### What this task involves
Each line from the one containing "Sunoco along with" through the last line of the data below should be printed exactly, please, with any pictures omitted.

### Raw data
=== Section Start ===
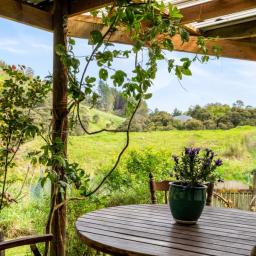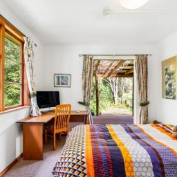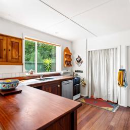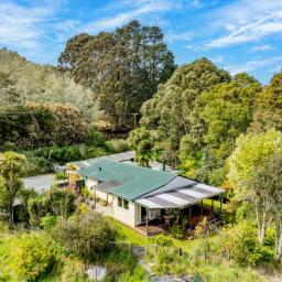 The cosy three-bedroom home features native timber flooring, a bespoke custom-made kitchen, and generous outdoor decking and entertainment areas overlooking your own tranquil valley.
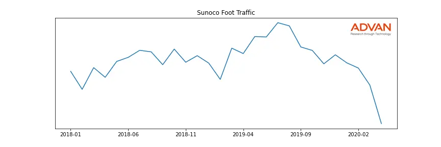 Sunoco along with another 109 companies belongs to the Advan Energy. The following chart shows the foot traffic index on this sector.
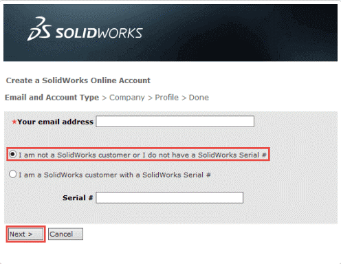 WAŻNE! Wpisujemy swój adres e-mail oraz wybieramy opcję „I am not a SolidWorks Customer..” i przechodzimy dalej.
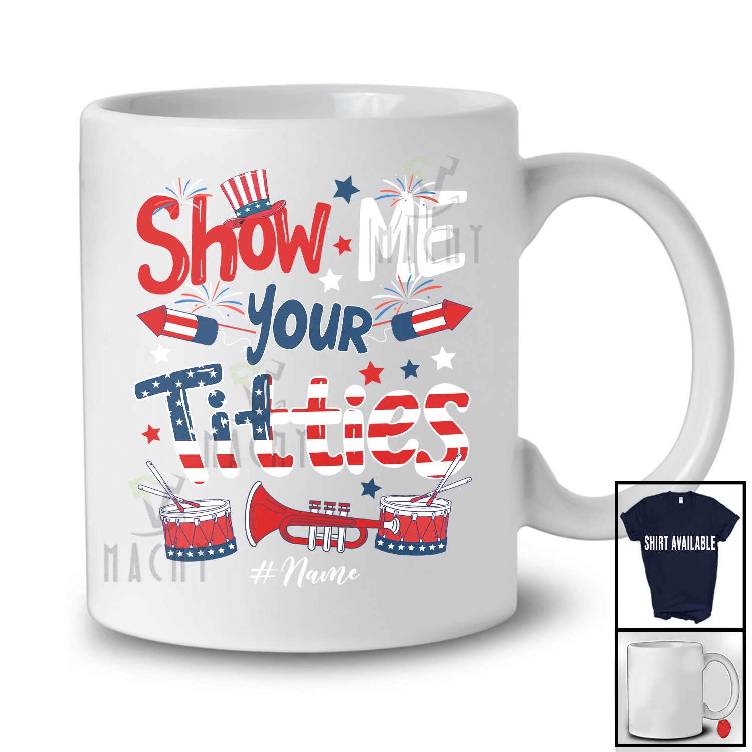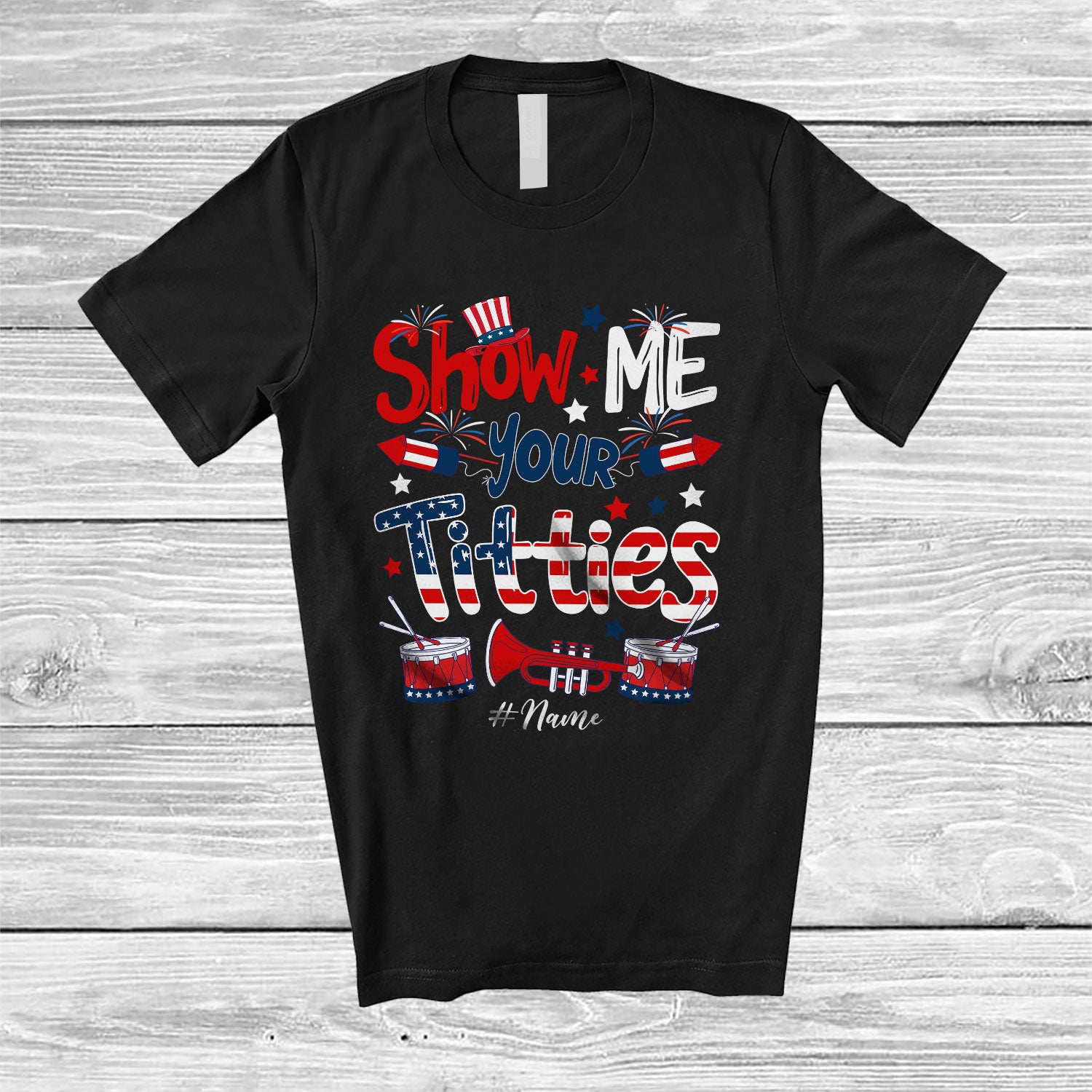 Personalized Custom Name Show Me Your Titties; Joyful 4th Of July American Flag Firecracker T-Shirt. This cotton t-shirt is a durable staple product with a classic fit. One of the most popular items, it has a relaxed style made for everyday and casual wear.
=== Section End ===
### Answer to this task
 Sunoco along with another 109 companies belongs to the Advan Energy. The following chart shows the foot traffic index on this sector.
 WAŻNE! Wpisujemy swój adres e-mail oraz wybieramy opcję „I am not a SolidWorks Customer..” i przechodzimy dalej.
 Personalized Custom Name Show Me Your Titties; Joyful 4th Of July American Flag Firecracker T-Shirt. This cotton t-shirt is a durable staple product with a classic fit. One of the most popular items, it has a relaxed style made for everyday and casual wear.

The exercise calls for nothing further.